Unterstützt von der Forster Psychotherapeutin Judith Kunz, die Kriminalitätsopfer betreut, erneuert Lüth auch die Forderung, in Brandenburg, ein Netz von Trauma-Ambulanzen einzurichten. So, wie es sie bereits in den anderen 15 Bundesländern gebe. „Der Bedarf ist sehr hoch“, schätzt Expertin Kunz ein. Und die Moderatorin der Podiumsdiskussion, Ex-Justizministerin und Weißer Ring-Vize Barbara Richstein (CDU), fügt hinzu, dass die Landesregierung jene Trauma-Ambulanzen drei Jahre lang gefördert habe und dann „unverständlicherweise“ ausgestiegen sei.
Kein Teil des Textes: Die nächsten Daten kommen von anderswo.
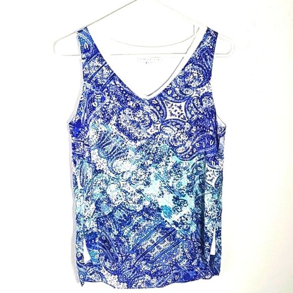 Violet & Claire Blue & White Sleeveless Layered High-Low Blouse,Size Small, NWOT
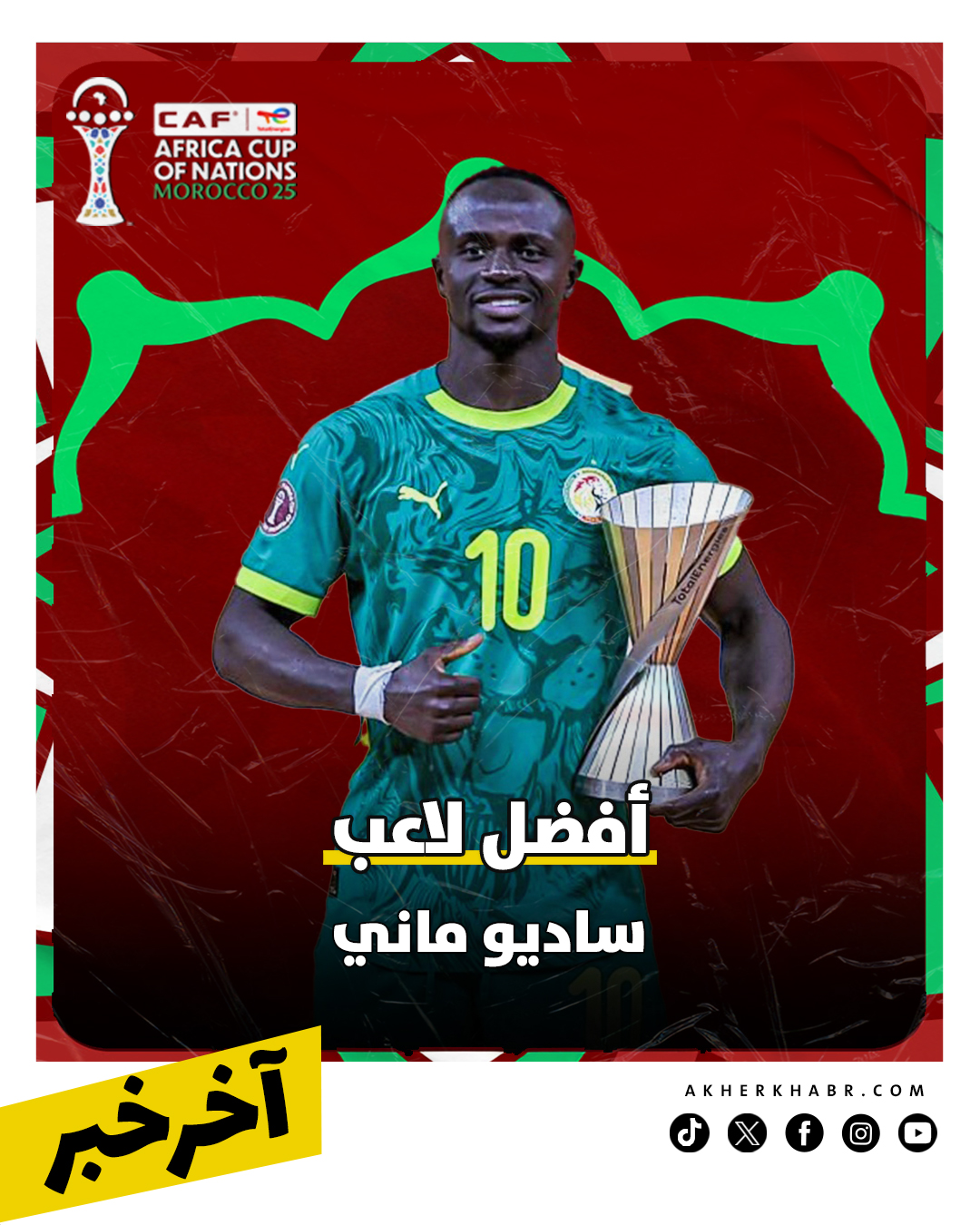 حصد النجم السنغالي ساديو ماني، لاعب نادي النصر السعودي، جائزة أفضل لاعب في بطولة كأس أمم إفريقيا 2025، بعد أداء متكامل جمع بين القيادة والحسم والخبرة، وكان ماني عنصرًا مؤثرًا في مشوار التتويج، وساهم بشكل مباشر في قيادة منتخب بلاده نحو اللقب، ليضيف إنجازًا فرديًا جديدًا إلى مسيرته الحافلة.
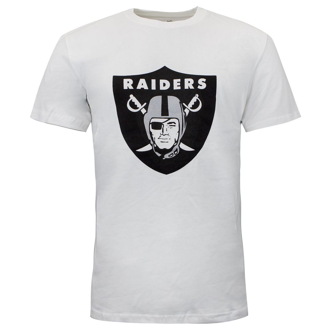 Crafted from soft, breathable cotton fabric, this T-shirt ensures maximum comfort whether you're in the stands cheering or watching the game from home. The bold Oakland Raiders logo is prominently featured on the chest, standing out against the crisp white background for a striking, yet timeless look.
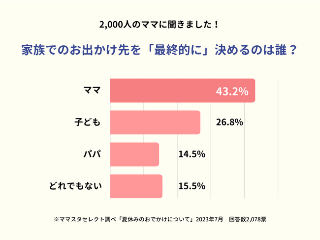 家族でのお出かけを計画している家庭も多いであろう夏休みを前に、ママスタセレクトでは「家族でのお出かけ先を“最終的に”決めるのは誰?」というアンケートを実施。「子どもの意見で決める」「ママが決める」「パパが決める」「どれでもない」の4つの選択肢を設定したところ、2,000人を超える回答が集まりました。

Jürgen Lüth will darüber, und zum vorliegenden Referentenentwurf zum neuen Sozialgesetzbuch XIV des Bundes, mit zuständigen Fachministerien in Potsdam kontaktieren.

 Jürgen Lüth, Landesvorsitzender Weißer Ring Brandenburg
Jürgen Lüth, Landesvorsitzender Weißer Ring Brandenburg FOTO: Christian Taubert

Es könne nicht sein, dass Opfer von Kriminalität und Gewalt künftig schlechter gestellt werden als im sozialen Entschädigungsrecht in seiner jetzigen Fassung. So seien Einschränkungen bei Schockschäden oder der Wegfall der Entschädigung für Einkommensverluste bei Hinterbliebenen von Opfern von Tötungsdelikten vorgesehen. Dagegen müsse sich die Landesregierung auf Bundesebene zur Wehr setzen, erklärt Lüth.